TASK TO COMPLETE: An exact restatement is required. Cover only the lines of the records from the first through the line with "後輩との会話を思い出して、ひ", and skip pictures.

Dataset items
===============
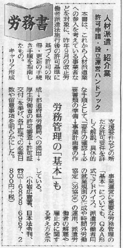 「労働新聞」、2016年4月25日号の書評欄「労務書」のコーナーに、小岩広宣著『人材派遣・紹介業許可申請・設立運営ハイドブック』(日本法令)が紹介されました。
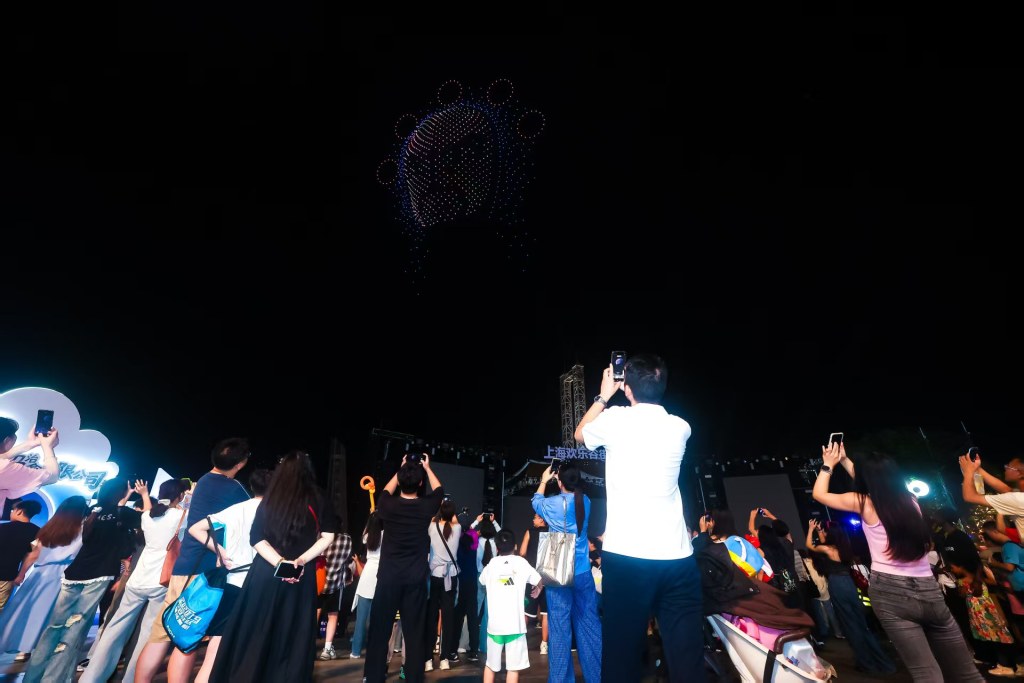 游客观看无人机表演。澎湃新闻记者 朱伟辉 图
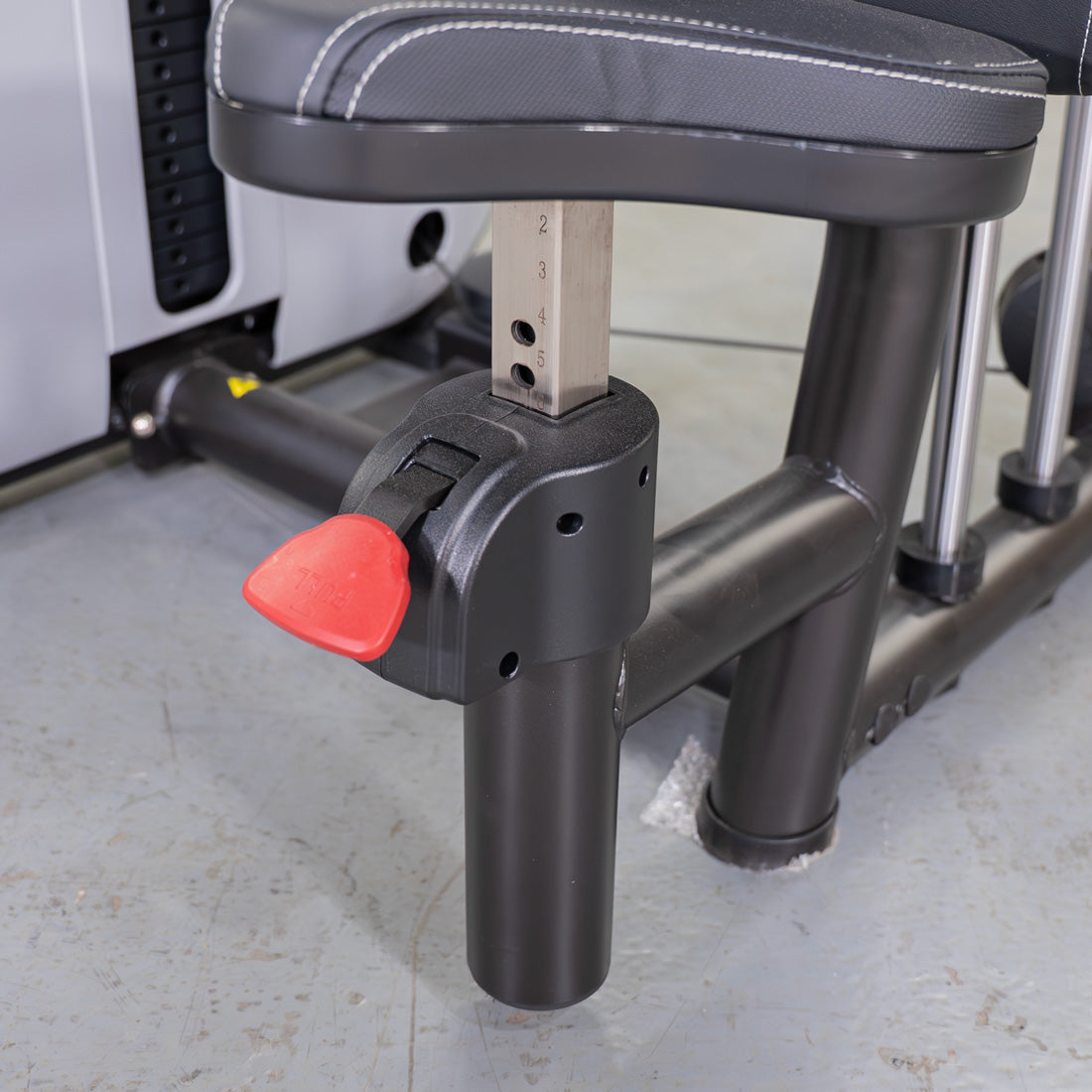 The gas-assisted seat adjustment and ergonomically contoured seat allow easy setup and precise positioning for every user. A double-stitched, commercial-grade upholstery provides lasting comfort and durability, even during intense sessions. The linear bearing system ensures fluid, stable motion, isolating the triceps for optimal muscle engagement.
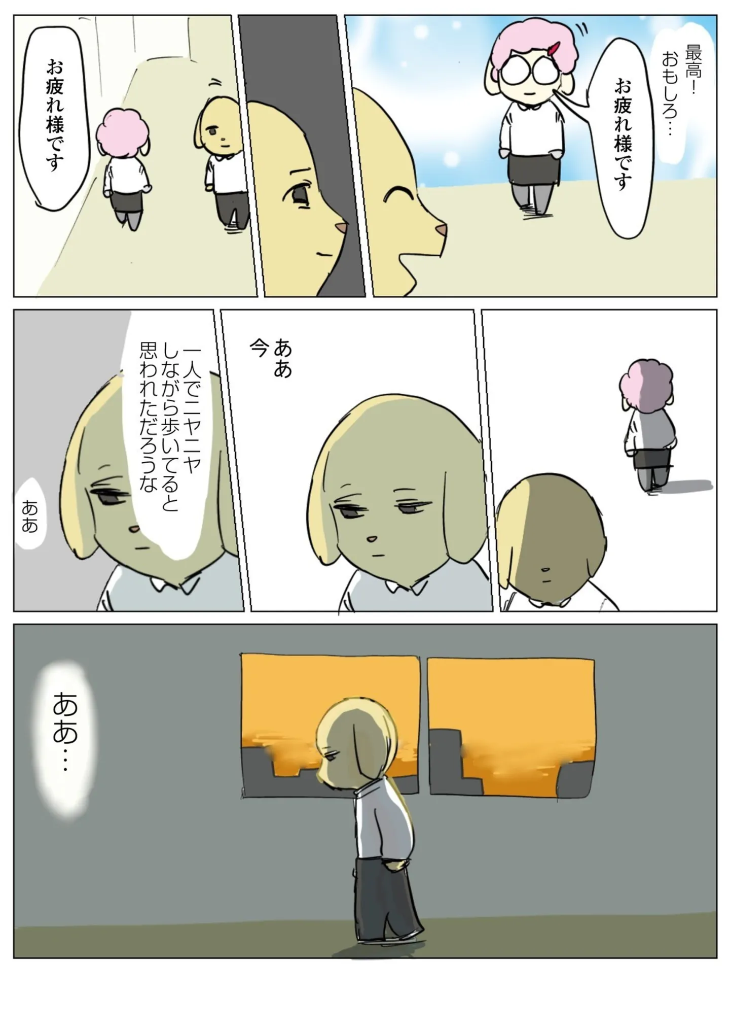 後輩との会話を思い出して、ひとり笑顔に。そのまま同僚とすれ違ってしまい…/働く!くよくよ犬㉓
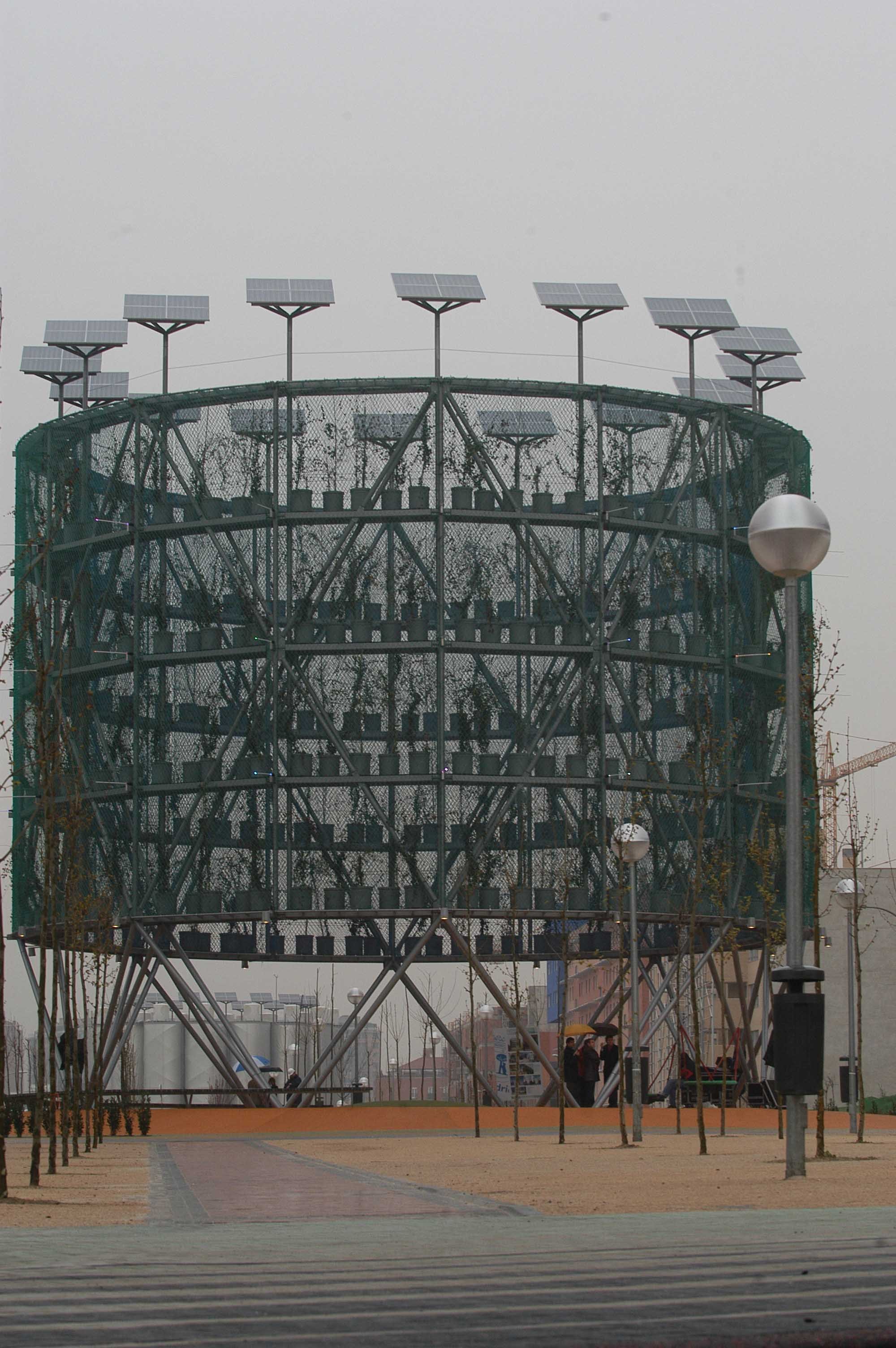 - Cada uno de los árboles está construido en un 90% con material reciclado. Su diseño permite rebajar las altas temperaturas hasta en 12º C, generar energía y reducir la contaminación
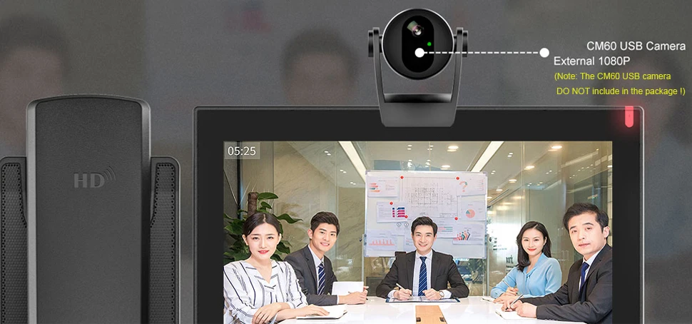 В комплекте дополнительный CM60 камера, X7A поддерживает 3-сторонний выход видеоконференции с Полнодиапазонный hd-экран изображения на экране даже в
===============
RESPONSE TO THE TASK:
 「労働新聞」、2016年4月25日号の書評欄「労務書」のコーナーに、小岩広宣著『人材派遣・紹介業許可申請・設立運営ハイドブック』(日本法令)が紹介されました。
 游客观看无人机表演。澎湃新闻记者 朱伟辉 图
 The gas-assisted seat adjustment and ergonomically contoured seat allow easy setup and precise positioning for every user. A double-stitched, commercial-grade upholstery provides lasting comfort and durability, even during intense sessions. The linear bearing system ensures fluid, stable motion, isolating the triceps for optimal muscle engagement.
 後輩との会話を思い出して、ひとり笑顔に。そのまま同僚とすれ違ってしまい…/働く!くよくよ犬㉓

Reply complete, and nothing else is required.